#### [Exercise description]
Down to the last line, transcribe the records verbatim and exclude the images.

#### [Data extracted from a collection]

-------------------------

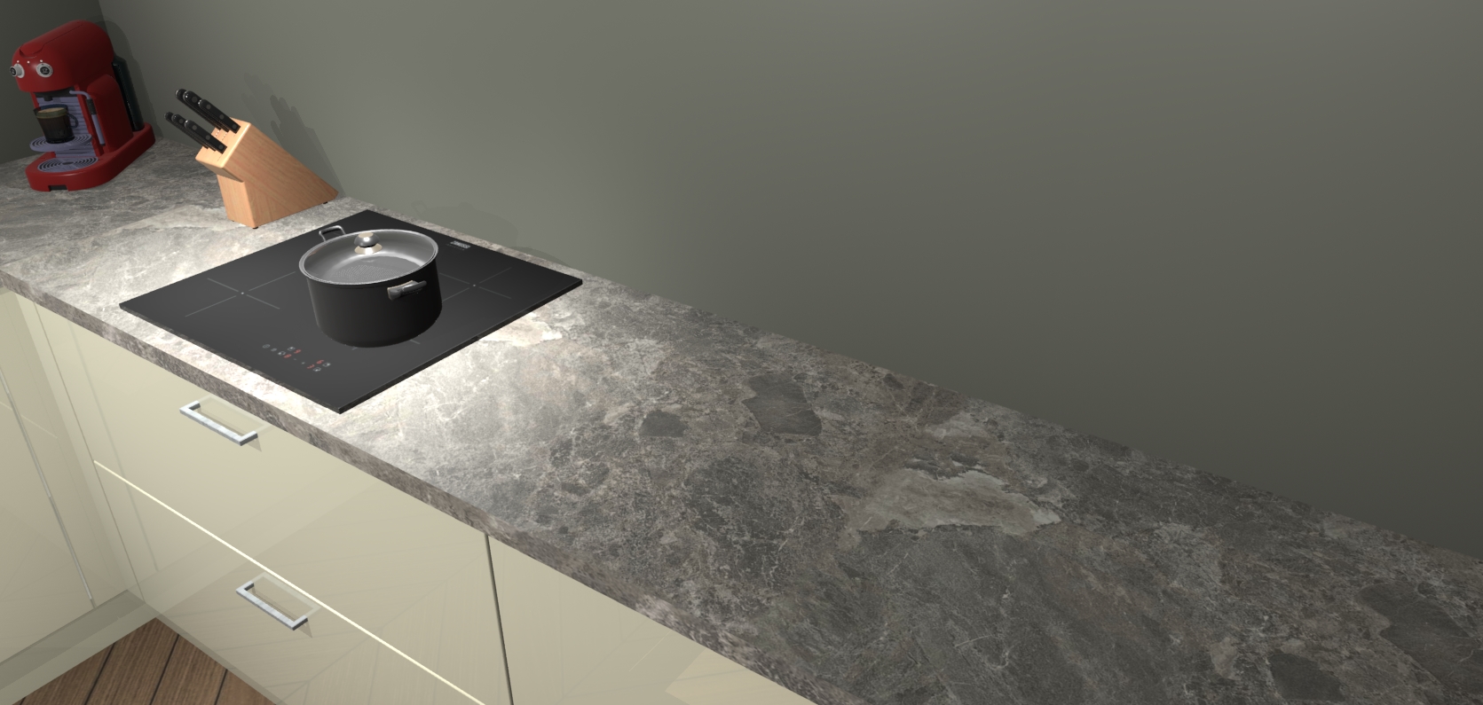 In deze box zijn alle kleuren verzameld van de deuren en werkbladen. Vraag de gratis kleurenbox aan en kijk thuis rustig verder!
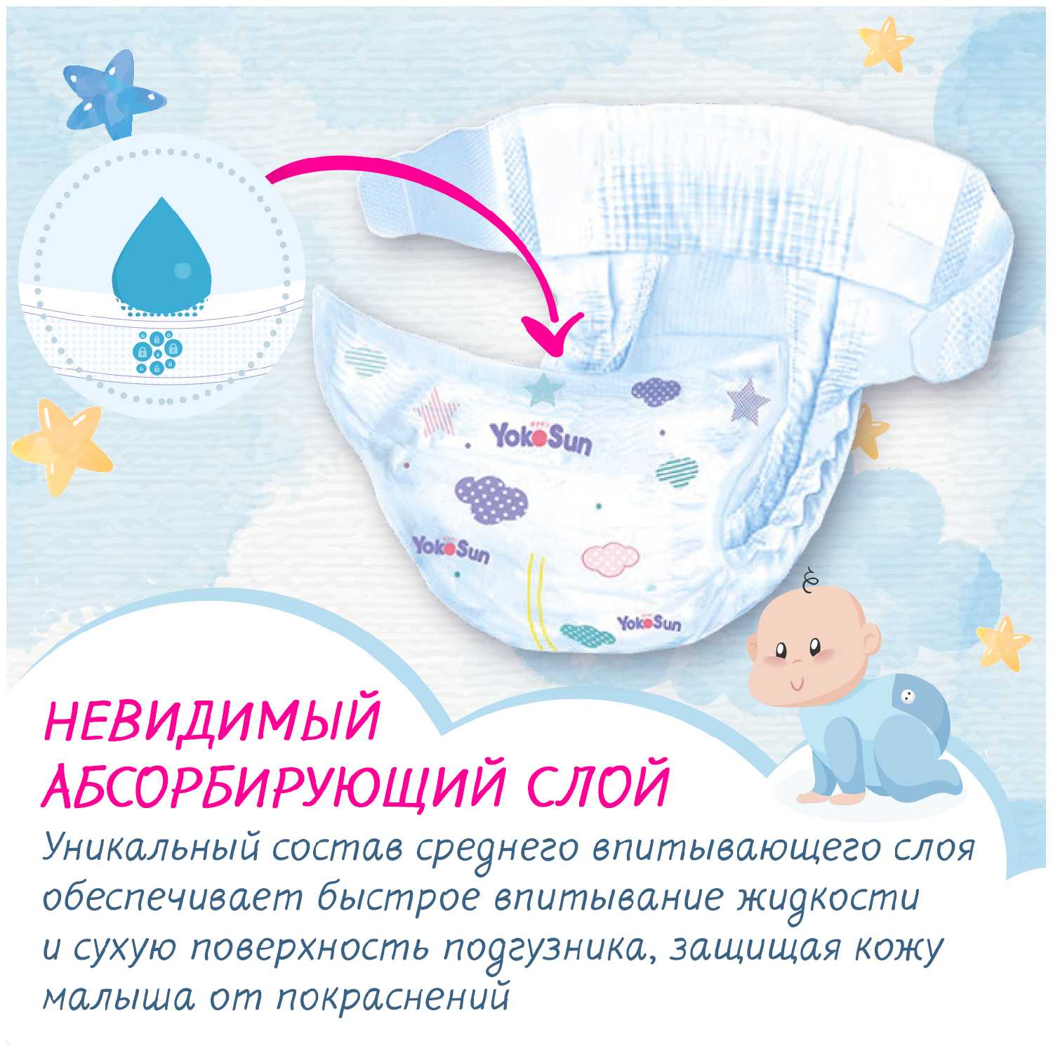 данные подгузники используем с рождением,сейчас уже перешли на тройку,.Впитывает очень хорошо, не вызывает аллергию,хватает на всю ночь,хотя с утра после ночи и можно кого нибудь прибыть.И с плюсов и ещё хочу выделить текстуры,она очень очень мягкая и приятная на ощупь, а это значит что и малышу приятно. Сейчас малышка весит 8 кг,нам подходят замечательно, но она у нас пухлинкая. Дизайн тоже очень красивый, нам очень нравится. Другие фирмы тоже пробовали, но остановились на этот фирме. Мы очень довольны, теперь мы ваш постоянный клиент.еще очень выгодно с покупками, с бонусом ,однозначно рекомендую к покупке. мне очень важно чтобы ребенку всегда была сухо и комфортно, поэтому мы выбираем подгузники "YokoSun".Следующий раз будем пробовать и трусики .Спасибо продавцу за качественный товар.
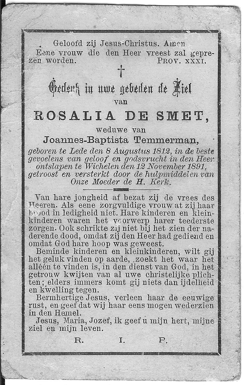 Rosalia Van Hauwermeiren Geboren: 7 april 1836 58 34 — Wichelen Overleden: 15 maart 1905 — Schoonaarde |
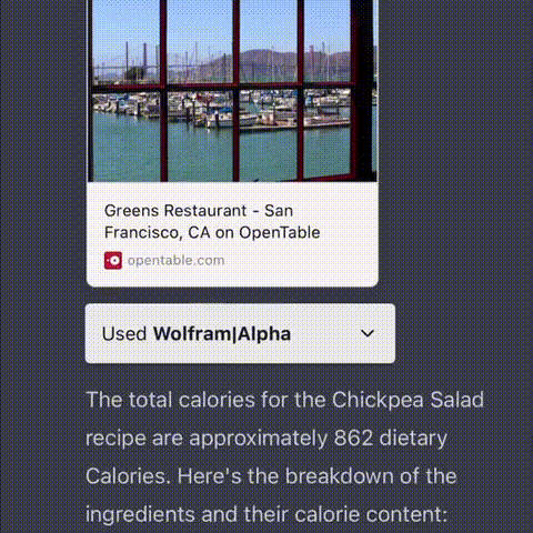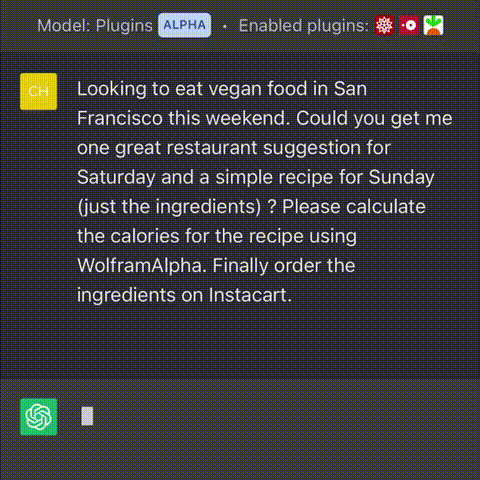 比如你问它,“我正在旧金山,这个周末想吃素食,能不能建议我周六去哪家参观?周日按什么食谱做菜?并且用WolframAlpha计算出食谱的热量,然后在Instacart上订购食材。”
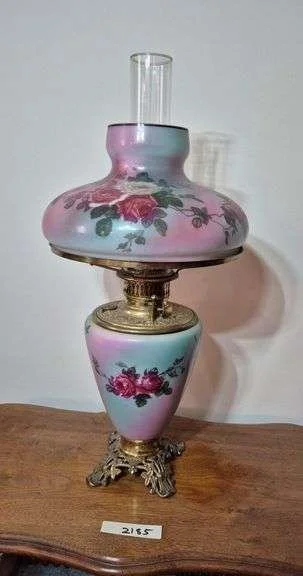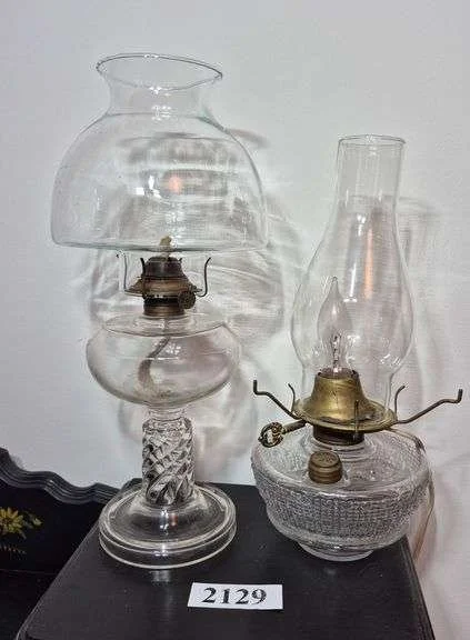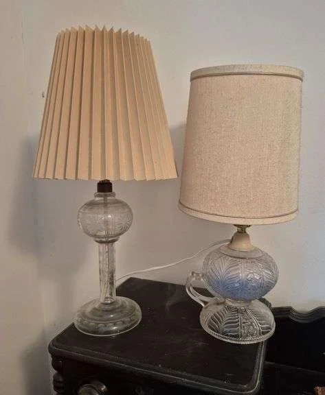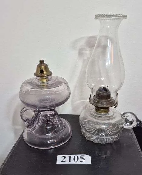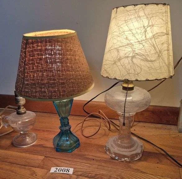 2095 Electrified finger lamp, etched glass dresser lamp
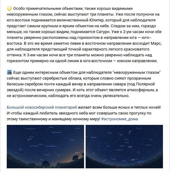 Раз в месяц рубрика «Звёздный навигатор» в группе ВКонтакте предоставляет общий обзор актуального звёздного неба Новосибирска и его ярких объектов, видимых «невооруженным глазом» в черте города.

-------------------------

#### [Task output]
 In deze box zijn alle kleuren verzameld van de deuren en werkbladen. Vraag de gratis kleurenbox aan en kijk thuis rustig verder!
 данные подгузники используем с рождением,сейчас уже перешли на тройку,.Впитывает очень хорошо, не вызывает аллергию,хватает на всю ночь,хотя с утра после ночи и можно кого нибудь прибыть.И с плюсов и ещё хочу выделить текстуры,она очень очень мягкая и приятная на ощупь, а это значит что и малышу приятно. Сейчас малышка весит 8 кг,нам подходят замечательно, но она у нас пухлинкая. Дизайн тоже очень красивый, нам очень нравится. Другие фирмы тоже пробовали, но остановились на этот фирме. Мы очень довольны, теперь мы ваш постоянный клиент.еще очень выгодно с покупками, с бонусом ,однозначно рекомендую к покупке. мне очень важно чтобы ребенку всегда была сухо и комфортно, поэтому мы выбираем подгузники "YokoSun".Следующий раз будем пробовать и трусики .Спасибо продавцу за качественный товар.
 Rosalia Van Hauwermeiren Geboren: 7 april 1836 58 34 — Wichelen Overleden: 15 maart 1905 — Schoonaarde |
 比如你问它,“我正在旧金山,这个周末想吃素食,能不能建议我周六去哪家参观?周日按什么食谱做菜?并且用WolframAlpha计算出食谱的热量,然后在Instacart上订购食材。”
 2095 Electrified finger lamp, etched glass dresser lamp
 Раз в месяц рубрика «Звёздный навигатор» в группе ВКонтакте предоставляет общий обзор актуального звёздного неба Новосибирска и его ярких объектов, видимых «невооруженным глазом» в черте города.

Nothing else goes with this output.